30 juin 2021

Accord nucléaire: La fusion est plus difficile que la fission

Par serge delain

Aujourd’hui, j’ai enfin compris le sens du mot “cynisme” lorsque je suis tombé sur cette chose:

https://www.rfi.fr/fr/moyen-orient/20210402-nucl%C3%A9aire-iranien-les-%C3%A9tats-unis-rejoignent-les-pourparlers

avec un comique rare:

Les États-Unis participeront mardi prochain à Vienne à des pourparlers pour tenter de sauver l’accord sur le nucléaire iranien. Ces négociations, pour le moment indirectes, réuniront tous les signataires de l’accord – Iran, États-Unis, Chine, Russie, France, Royaume-Uni et Allemagne. Washington dit par ailleurs rester « ouvert » à des discussions « directes » avec l’Iran. 

https://www.rfi.fr/fr/moyen-orient/20210402-nucl%C3%A9aire-iranien-les-%C3%A9tats-unis-rejoignent-les-pourparlers
Le porte-parole de la diplomatie américaine, Ned Price. Photo AFP / POOL / Carolyn Kaster

Et oui, nous parlons bien de l’accord nucléaire avec l’Iran ( JCPoA ) , que Trump a atomisé en 2018.

https://fr.wikipedia.org/wiki/Retrait_am%C3%A9ricain_de_l%27Accord_de_Vienne_sur_le_nucl%C3%A9aire_iranien

Quand vous aurez fini de rire ( sans vous étouffer ), vous pouvez continuer la lecture.

Des semaines et 6 lots de négociations sont déjà passés, et voici cette annonce, faite avec la méthode étasunienne.

https://ici.radio-canada.ca/nouvelle/1773481/syrie-frappes-americaines-iran

Il s’agit d’une attaque aérienne menée par l’aviation de l’armée américaine sur sol syrien, à la frontière avec l’Irak. Des combattants pro-Iraniens ont été tués lors de l’attaque.

TOPSHOT – Iraqi mourners attend the funeral of a fightrer of Hashed al-Shaabi paramilitary alliance following US air strikes on the Syrian-Iraqi border, on June 28, 2021 in the northern Nineveh province. Iraq’s Prime Minister Mustafa al-Kadhemi today condemned an overnight US air strike against Iran-backed armed groups which a monitor said killed at least seven fighters. The Pentagon said it had conducted retaliatory targeted air strikes against “facilities used by Iran-backed militia groups” on the Iraq-Syria border. / AFP / Zaid AL-OBEIDI

Le message envoyé par les USA n’est pas très optimiste et reflète toutes les difficultés rencontrées lors des négociations avec l’Iran.

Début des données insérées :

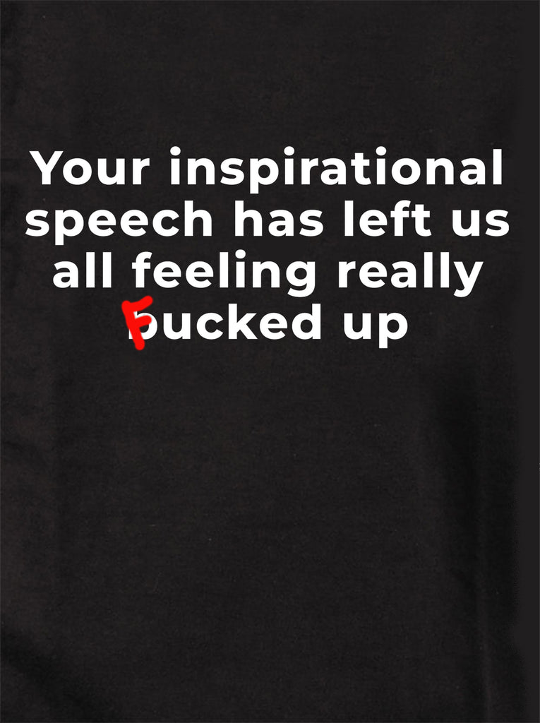 The Your Inspirational Speech Kids T-Shirt is a clever, tongue-in-cheek take on workplace humor—mini-sized for the next generation of eye-rollers and sarcasm pros. Whether it’s worn as a subtle joke for adults in the room or just a fun graphic tee for everyday wear, this shirt turns classic workplace sarcasm into something playful and wearable. It’s a reminder that inspiration doesn’t always land the way it’s intended—and that humor, even in its smallest form, can say a lot.

Cette attaque montre que les USA et l’Iran sont très loin d’un accord. Elle doit servir de ‘rappel’ à Téhéran que les USA possèdent toujours la carte militaire à jouer. Ils ne tolèrent pas une telle présence des miliciens pro-iran dans la région. Elle doit également rassurer son allié du coin de longue date: l’Israël. Celui-ci ne doit pas se sentir trahi. Les USA doivent leur montrer qu’ils sont présents et qu’ils n’hésitent pas à intervenir.

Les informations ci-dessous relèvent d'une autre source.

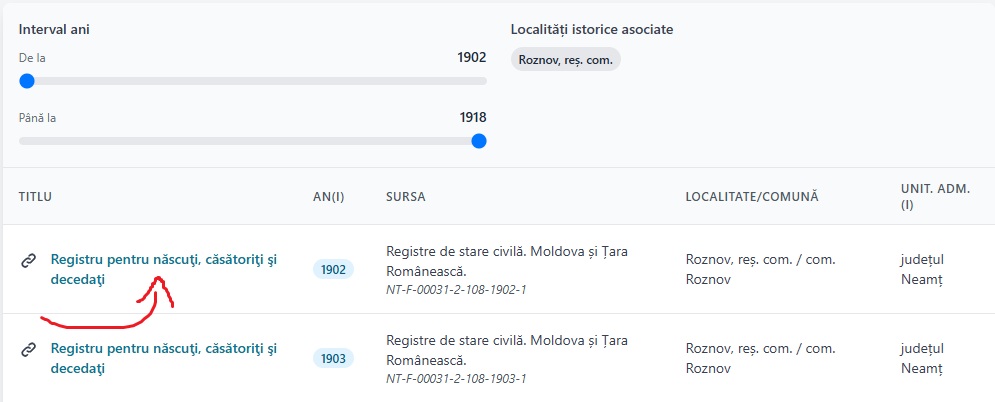 - Identifică o înregistrare de interes și descarcă documentele. Odată ajuns pe site-ul Arhivelor Naționale:

Mais je vais vous demander de prêter attention à l’endroit où l’attaque a eu lieu: il est sur le sol syrien, à la frontière avec l’Irak. Cela démontre que les USA n’ont pas (encore) l’intention de pousser l’Iran à bout. Dans le cas contraire, l’attaque aurait eu lieu sur le sol Iranien ! Un espoir est toujours possible. Mais l’espoir pour qui?

analysons.

La position iranienne est claire: revenir dans l’accord à l’unique condition que les USA retirent toutes les sanctions entreprises suite à “l’atomisation” de 2018.

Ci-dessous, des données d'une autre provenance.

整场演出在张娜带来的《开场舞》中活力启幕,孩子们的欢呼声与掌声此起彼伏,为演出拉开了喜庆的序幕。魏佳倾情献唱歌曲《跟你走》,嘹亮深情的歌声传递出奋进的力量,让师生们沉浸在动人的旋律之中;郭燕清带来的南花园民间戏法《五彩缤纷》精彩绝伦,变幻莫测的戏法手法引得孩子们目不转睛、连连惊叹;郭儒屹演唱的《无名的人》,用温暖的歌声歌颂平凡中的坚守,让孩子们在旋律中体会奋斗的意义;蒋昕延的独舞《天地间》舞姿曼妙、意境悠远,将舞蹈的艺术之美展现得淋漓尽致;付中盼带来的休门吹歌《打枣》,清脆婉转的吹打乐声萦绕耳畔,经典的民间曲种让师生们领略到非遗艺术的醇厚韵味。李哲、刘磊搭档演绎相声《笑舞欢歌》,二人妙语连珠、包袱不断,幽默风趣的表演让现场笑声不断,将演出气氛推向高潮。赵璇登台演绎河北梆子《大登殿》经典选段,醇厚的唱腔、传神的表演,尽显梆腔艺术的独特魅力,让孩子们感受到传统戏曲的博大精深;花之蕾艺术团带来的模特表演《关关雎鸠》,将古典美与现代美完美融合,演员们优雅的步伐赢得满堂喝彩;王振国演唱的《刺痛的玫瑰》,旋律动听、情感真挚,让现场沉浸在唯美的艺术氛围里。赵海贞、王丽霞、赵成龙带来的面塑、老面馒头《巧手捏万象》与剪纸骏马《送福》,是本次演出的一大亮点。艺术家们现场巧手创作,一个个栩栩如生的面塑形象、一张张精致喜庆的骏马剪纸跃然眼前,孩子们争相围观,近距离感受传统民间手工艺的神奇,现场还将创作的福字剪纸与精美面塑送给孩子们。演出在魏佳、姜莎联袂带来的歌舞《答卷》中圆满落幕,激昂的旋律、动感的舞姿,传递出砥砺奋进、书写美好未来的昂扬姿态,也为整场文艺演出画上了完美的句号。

La position américaine est plus compliquée à tenir. Après avoir causé la fission de l’accord, la fusion n’est pas aussi simple à réaliser. D’abord, l’opinion américaine ne comprendra pas le retrait unilatéral des sanctions contre l’Iran. Cela sera perçu comme un aveu de d’échec et de faiblesse. Puis, à l’heure où les USA tentent de resserrer les rangs de ses partenaires pour contrer la “menace” chinoise, reculer devant l’Iran les rendraient tout simplement ridicules. Alors la position américaine est d’un jeu d’équilibriste:

Selon le porte-parole de la diplomatie américaine, Ned Price, Washington est prêt à examiner une levée des sanctions envers l’Iran, mais seulement celles liées à la question nucléaire. « Nous ne ferons certainement pas de gestes unilatéraux ou de concessions pour convaincre l’Iran », a prévenu Ned Price.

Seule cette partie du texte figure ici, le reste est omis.